Citation: Hao W, Lenhart S, Petrella JR (2022) Optimal anti-amyloid-beta therapy for Alzheimer’s disease via a personalized mathematical model. PLoS Comput Biol 18(9): e1010481. https://doi.org/10.1371/journal.pcbi.1010481
Editor: Adrianne Jenner, Queensland University of Technology, AUSTRALIA
Received: March 18, 2022; Accepted: August 10, 2022; Published: September 2, 2022
Copyright: © 2022 Hao et al. This is an open access article distributed under the terms of the Creative Commons Attribution License, which permits unrestricted use, distribution, and reproduction in any medium, provided the original author and source are credited.
Data Availability: There are no primary data in the paper; all data is available at https://adni.loni.usc.edu/ and our code is published through https://github.com/whao2008/AD_optimal_control.
Funding: WH was supported in part by National Science Foundation (NSF) DMS-2052685 (https://nsf.gov/). JRP was supported in part by NSF DMS-2052676 (https://nsf.gov/). The funders had no role in study design, data collection and analysis, decision to publish, or preparation of the manuscript.
Competing interests: The authors have declared that no competing interests exist.
Introduction
Alzheimer’s disease (AD) affects more than 5 million people in the U.S. and is recognized as one of the leading global health priorities of the 21st century [1]. On June 7, 2021, the U.S. Food and Drug Administration (FDA) granted accelerated approval for the first-ever disease-modifying therapy for AD, aducanumab, a monoclonal antibody directed against amyloid-beta protein. This therapy has been shown to effectively remove amyloid plaques from the brain.
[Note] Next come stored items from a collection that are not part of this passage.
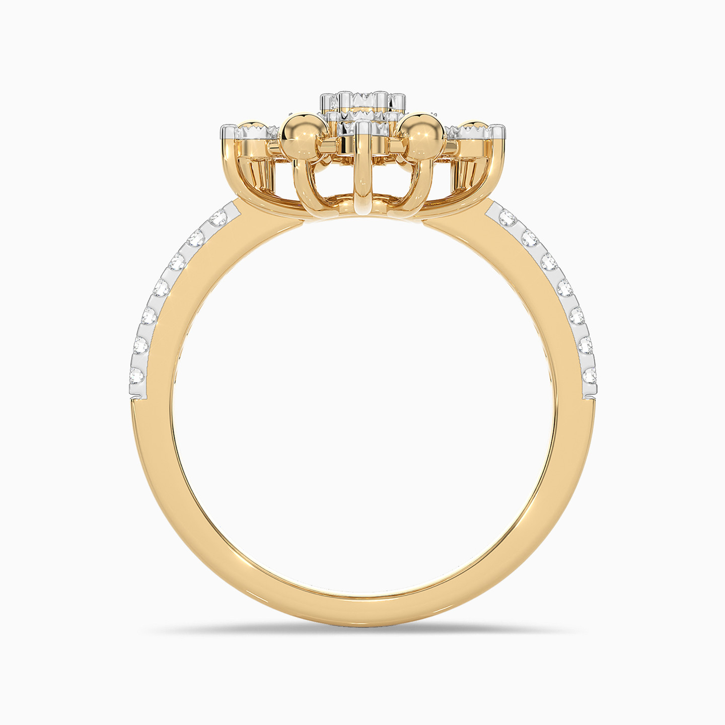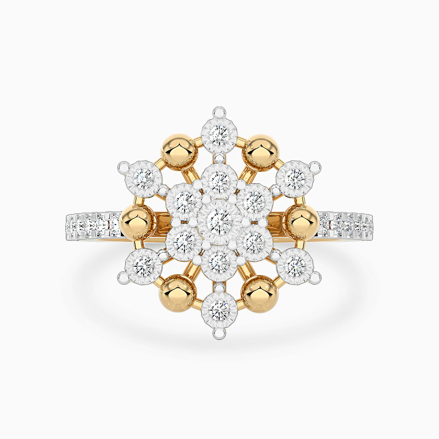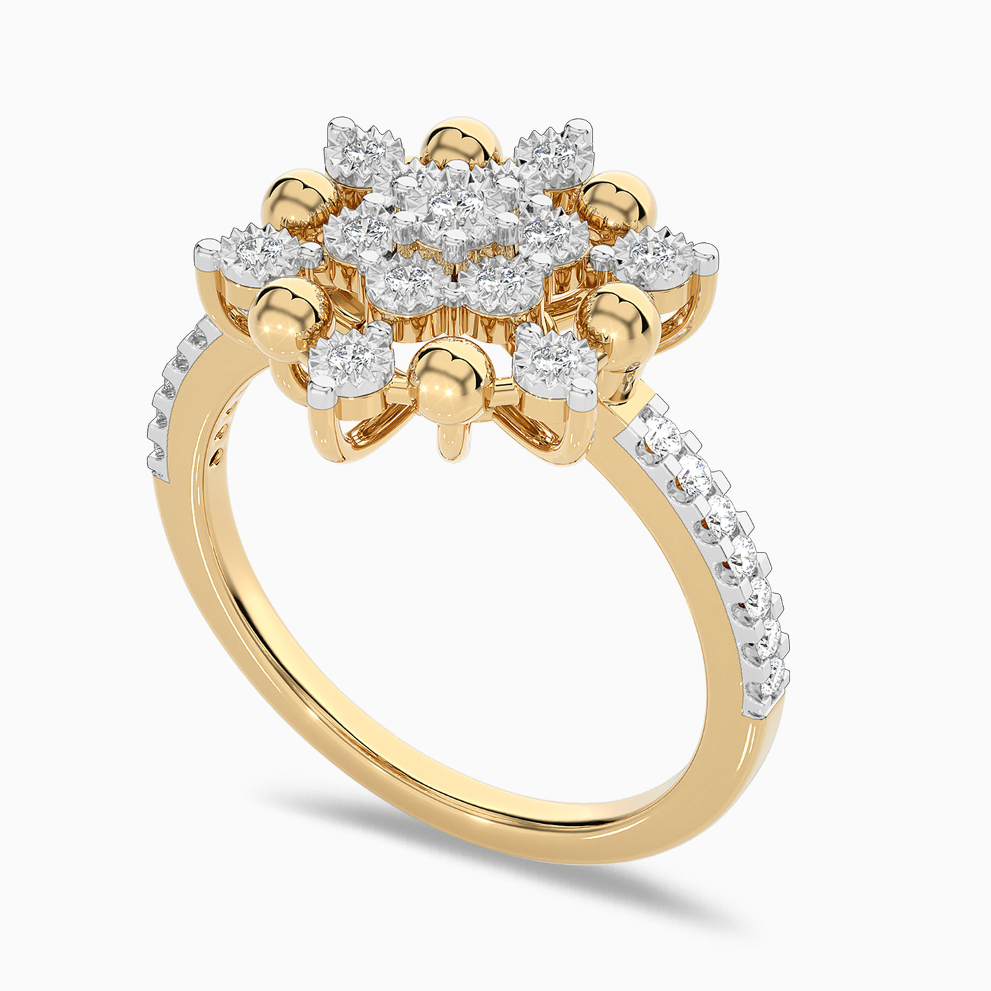 You'll bloom with style when wearing this gorgeous ring from L'azurde Diamonds. Inspired by nature, this head-turning ring looks like a magnificent flower opening to reveal 0.21-carat brilliant cut diamonds with eye-catching 18-karat yellow gold beads, diamond accents and a diamond lined shank. What a perfect choice to add a luxurious touch to evening and special occasion wear.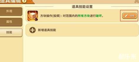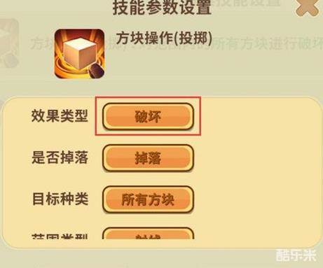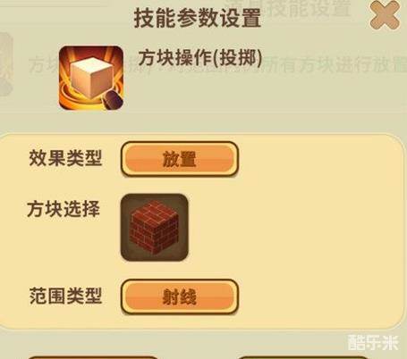 7、要把效果类型改成:放置。(大家可以在这里修改方块选择,改成你们想要的方块。还能修改射击出去的范围和距离等)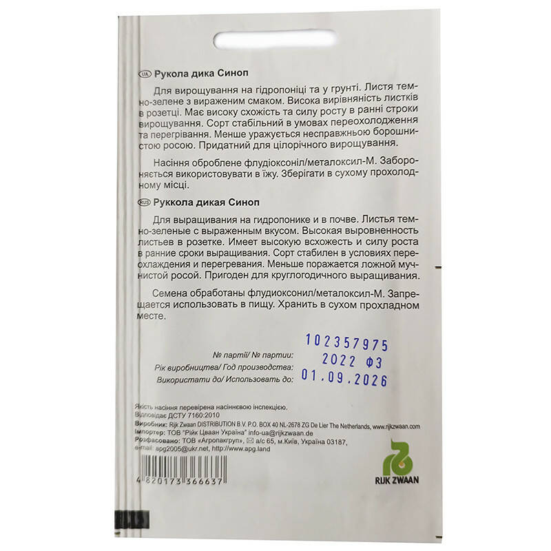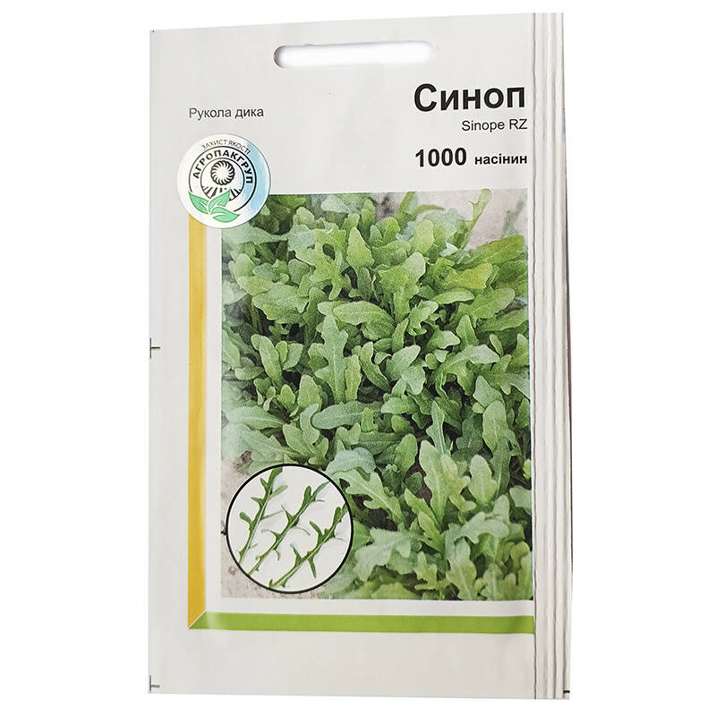 Рукола Сіноп - це ранній швидкозростаючий сорт руколи, вегетаційний період якого складає всього 15-25 діб. Призначений для обробітку в ґрунті та на гідропоніці. Сорт формує тонке, слаборозсічене листя темно-зеленого забарвлення з пікантним горіхово-гірчичним смаком. Листя рекомендовані для вживання у свіжому вигляді як гарнір до м'ясних та рибних страв, можуть використовуватися для приготування салатів та бутербродів. Зелень також підходить для зберігання та деяких видів переробки.

Still, however, questions remain regarding the efficacy of removing amyloid plaques for preventing or delaying cognitive decline [2]. This uncertainty, combined with the 99% failure rate of trials of other classes of AD treatments, is rooted in an incomplete understanding of the complex mechanisms resulting in AD, and how disease trajectory and response to treatment may vary individual-to-individual. It is likely, therefore, that personalized treatment will need to play a central role in the future management and counseling of patients with AD [3, 4]. Tailored approaches to treatment will be facilitated by the growing availability of electronic data in AD subjects and those at risk. Two components are necessary to realize this idea: first, an abundance of longitudinal data to cover many physiological aspects of individuals when they are healthy and possibly into disease [5]; second, computational methods and models capable of analyzing and integrating this data on a large scale [6].
Although computational modeling is still an emerging field in the study of AD, several mathematical models have been developed based on systems biology approaches to AD molecular and cellular patho-physiologic mechanisms. Our group, for example, built a model based on AD signaling pathways using a system of partial differential equations (PDEs) [7]. This model has been used to simulate and validate at a cellular level the mechanisms underlying the failure of several drugs in recent clinical trials. Because the variables in this and similar mechanistic models cannot be measured directly in living subjects, simulated treatment studies can only be performed at the population, rather than individual patient, level. Treatment dosage and regimen, therefore, might not be optimal for each individual. Over the past two decades, several clinical biomarkers of AD patho-physiologic progression have been developed to track disease progression in patient-oriented research. Broadening our previous mathematical modeling approach, based on molecular and cellular mechanisms, to these key AD clinical biomarkers, we developed a sparse cascade model to include pathologic hallmark biomarkers (amyloid beta and tau), neuronal loss biomarkers, and cognitive impairment using a system of ordinary differential equations (ODEs) [8].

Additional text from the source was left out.